Wednesday, June 29, 2005

NYT: "Army Moves to Advance 2 Linked to Abu Ghraib" (Eric Schmitt)

The Pentagon has promoted or nominated for promotion two senior Army officers who oversaw or advised detention and interrogation operations in Iraq during the height of the Abu Ghraib prisoner-abuse scandal.
The Army promoted Maj. Gen. Walter Wodjakowski, the former deputy commander of American forces in Iraq, earlier this month to be the head the Army's infantry training school at Fort Benning, Ga. It has also nominated Col. Marc Warren, the top military lawyer for the American command in Baghdad at the time, to be a one-star, or brigadier, general.
A third officer, Maj. Gen.
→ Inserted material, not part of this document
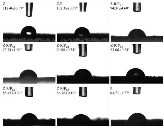 The three-phase contact angle is a very important parameter for the wettability of solid materials. When the three-phase contact angle is less than 90°, it indicates that the solid material has a hydrophilic surface. On the contrary, if the contact angle is more than 90°, the solid material has a hydrophobic surface. Nanoparticles with high hydrophobicity or hydrophilicity are not conducive to stabilizing Pickering emulsions, which causes most particles to be immersed in the oil phase or aqueous phase instead of adsorbed at the oil–water interface. When the contact angle of a solid particle is close to 90°, it is in a state of hydrophilic and hydrophobic equilibrium, which is suitable for the stability of the emulsion [36]. The contact angles of zein particles (Zs), zein–resveratrol conjugates (Z-Rs) and zein–resveratrol/pectin (Z-R/Ps) particles with different mass ratios of Z-R to P and pectin (P) were measured, as shown in Figure 1. Among them, the contact angle of natural zein was 112.46°, which is not much different from the research result of Zhu et al. [37], who found an angle of 113.5°, indicating that zein has high hydrophobicity and poor wettability. Compared with natural zein, the contact angle of Z-R was reduced by about 10°, which showed that the hydrophilicity of the modified zein was improved by grafting it with resveratrol. The contact angle of pectin was 63.77°, indicating it has strong hydrophilicity. For Z-R/P composite particles, the increased pectin concentration led to a gradual decrease in the contact angle. This showed that pectin plays a major role in improving the wettability of Z-R/P particles. This phenomenon was also seen in the work of Jiang et al. [38], who found that in zein nanoparticles prepared with apple pectin, apple pectin was the major contributor to wettability. When the mass ratio of Z-R to P was 2:1, the contact angle was 90.68°, which was the closest to 90°, indicating that the Z-R/P2:1 particle is the most favorable to stabilizing Pickering emulsions.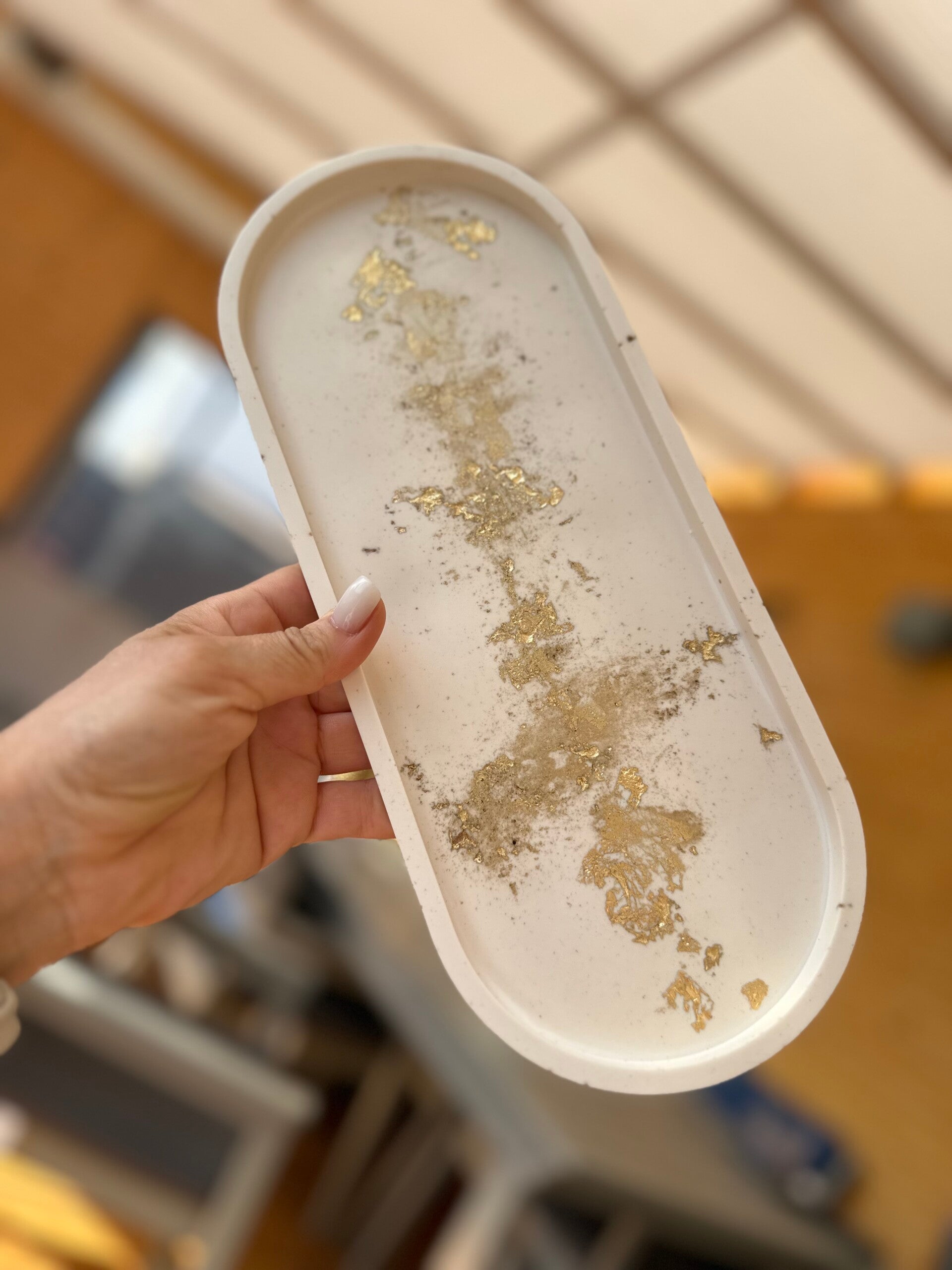 Trays are poured, sanded and sealed by hand with bottom pads to protect the surface from scratches. Please note products handmade with care but here may be slight differences, minor irregularities and bubbles durning production.

Barbara Fast, the former top intelligence officer in Iraq, took command earlier this year of the Army's intelligence center at Fort Huachuca, Ariz.


The above is from Eric Schmitt's "Army Moves to Advance 2 Linked to Abu Ghraib" in this morning's New York Times. A tale of failing upward, apparently (reference to the response by the the government or, more to the point, the lack of response). Or maybe the administration, out of kindness which we're sure they have a plethora of, has just been sitting on the real story -- how Lyndie England secretly orchestrated every abuse in every prison, how unbeknownst to anyone she ran her own shadow training organization, The Lyndie England Torture and Abuse Center, training a series of "bad apples" (a series, but remember only "a few") on how to conduct themselves?
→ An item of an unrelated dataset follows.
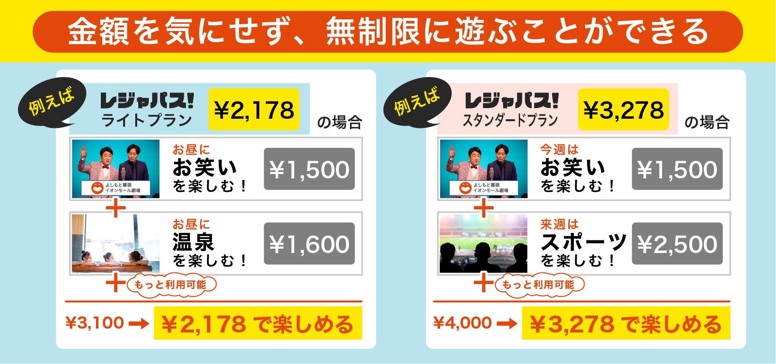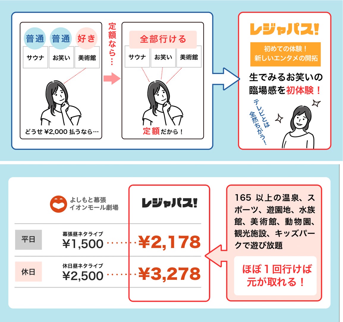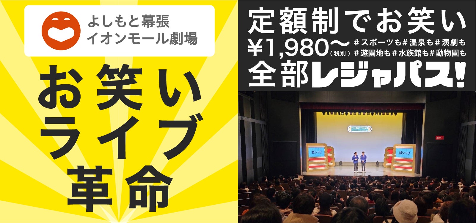 お笑いライブの取り扱いは今回が初めて。全国14の劇場を持つ吉本興業株式会社(本社:大阪市中央区、代表取締役社長:岡本昭彦)が運営する「よしもと幕張イオンモール劇場」での観覧がレジャパスの対象となります。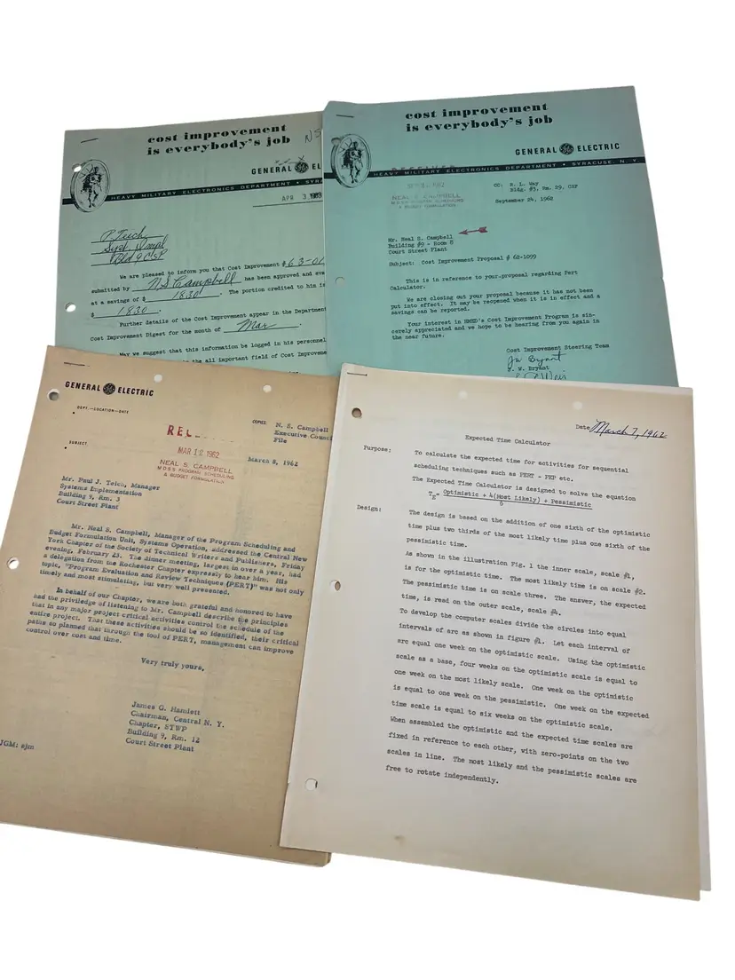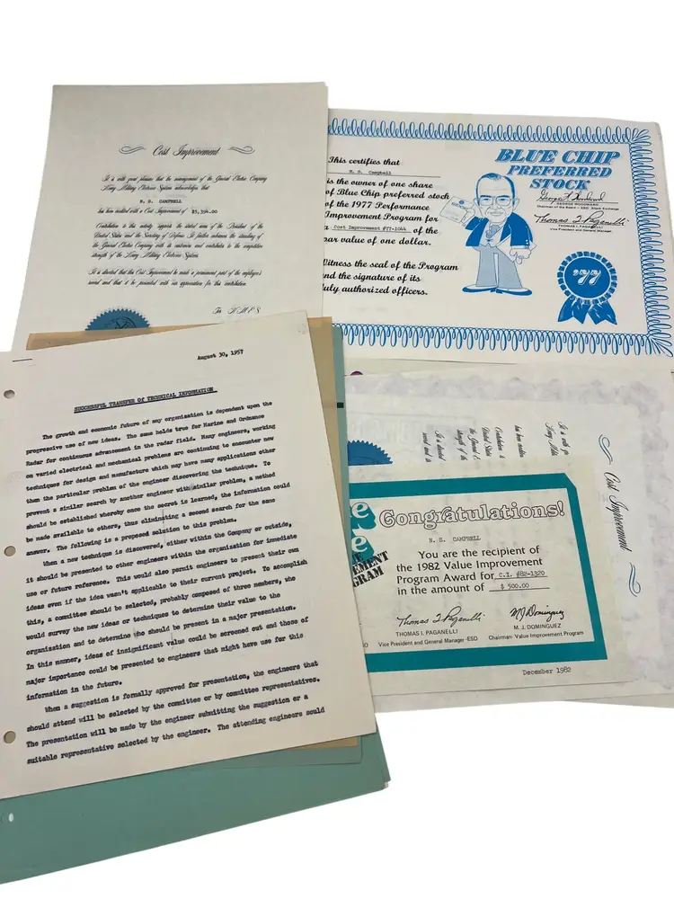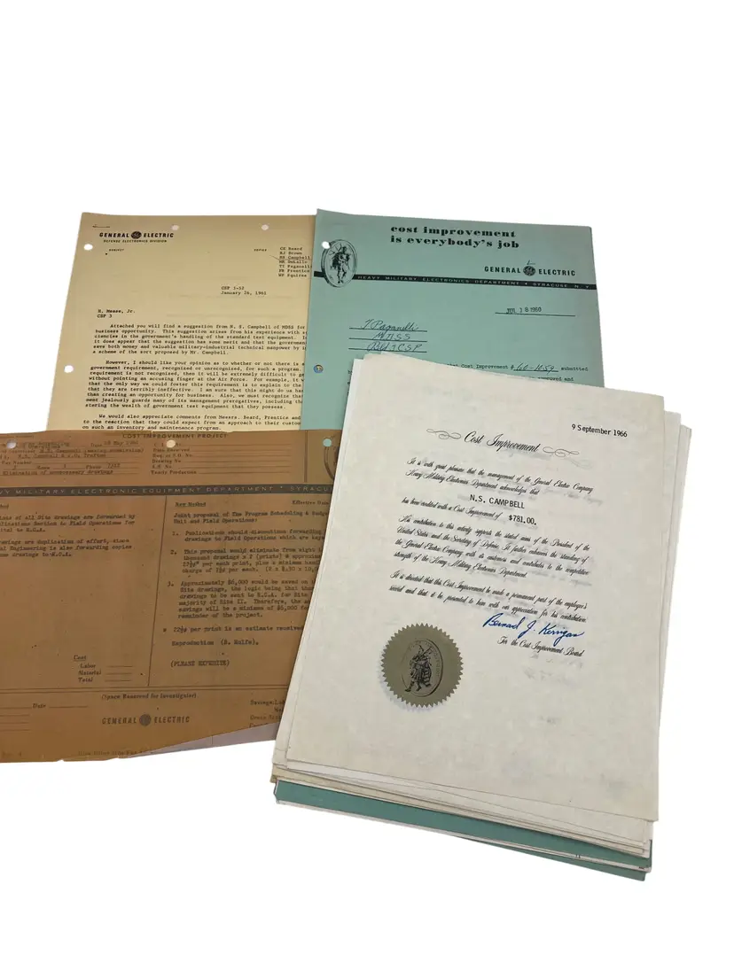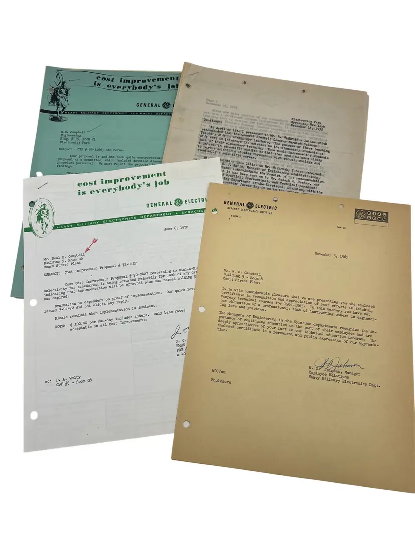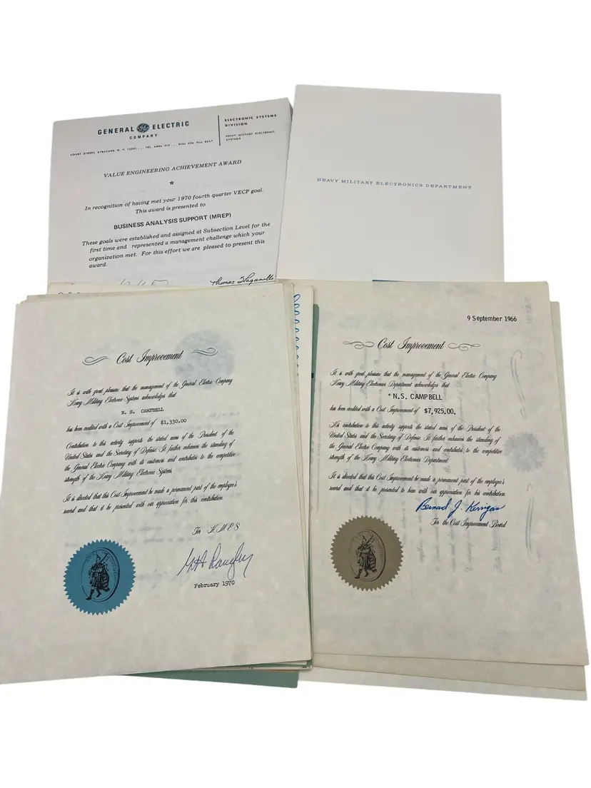 Large mixed lot of vintage General Electric internal documents from the Heavy Military Electronics Department and Defense Electronics Division in Syracuse, New York. Dates range from the mid-1950s through the early 1980s and include cost-improvement proposals, correspondence, award notifications, technical memos, and formal certificates issued to employee N. S. Campbell. Several embossed GE award certificates are included, along with VECP and Value Improvement Program documents. Many pages are typed originals or carbon copies, some hole-punched as originally stored in plant binders. A substantial archival collection representing GE’s Cold War–era cost-reduction programs, engineering processes, and internal recognition systems.

Accountability stops with England & the few bad apples, the rogue agents who acted independently. Even for those who are comfortable swallowing that simplistic notion, wasn't it the responsibility of those higher up to know what was going on down the chain of command?
Even if you can delude yourself that somehow England's actions echoed in other prisons, even predating her own actions in fact, how do you come to the conclusion that higher ups are no longer responsible for the actions of all under their command?

The three facing promotions have certainly demonstrated a lack of awareness while at their current posts. So the answer is to give them more authority when they couldn't handle the responsibilities they'd already been given?
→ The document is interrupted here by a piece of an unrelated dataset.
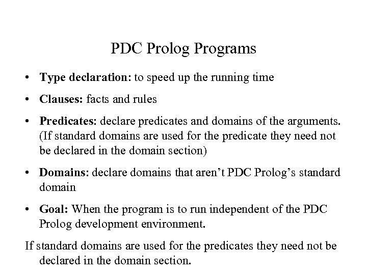 PDC Prolog Programs • Type declaration: to speed up the running time • Clauses: facts and rules • Predicates: declare predicates and domains of the arguments. (If standard domains are used for the predicate they need not be declared in the domain section) • Domains: declare domains that aren’t PDC Prolog’s standard domain • Goal: When the program is to run independent of the PDC Prolog development environment. If standard domains are used for the predicates they need not be declared in the domain section.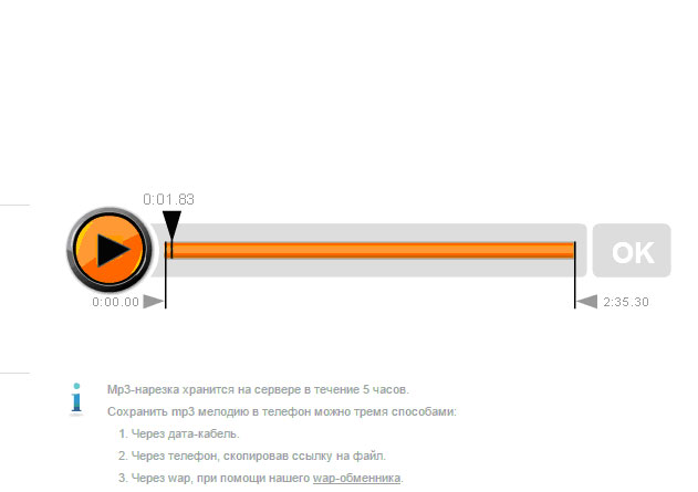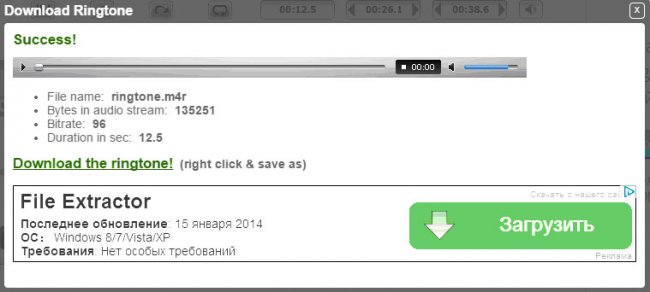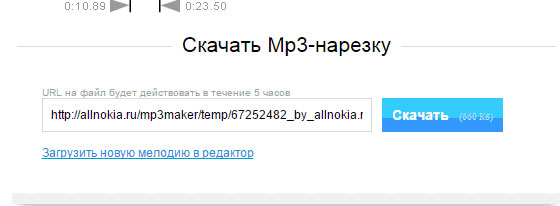 - затем появится окно, где будет представлена ссылка на скачивание готового рингтона.

Maybe they can fall back on Condi logic? "No one could have . . ." What? "Predicted?" "Known?" Well it was their job to provided supervision. Even those comfortable in the fantasy land of "it was a few bad apples" should have serious questions about the lack of accountability for those entrusted with supervision. Are they that divorced from reality? Or it just that we haven't seen any accountability in so long that we've forgotten what the concept?

As Ava and I noted in a TV review at The Third Estate Sunday Review:

A lot of talk is wasted on the "irony" of the show. Apparently the term didn't, in fact, die post-Sept. 11th; only the meaning did.

It appears the notion of accountability was another casuality of Sept. 11th.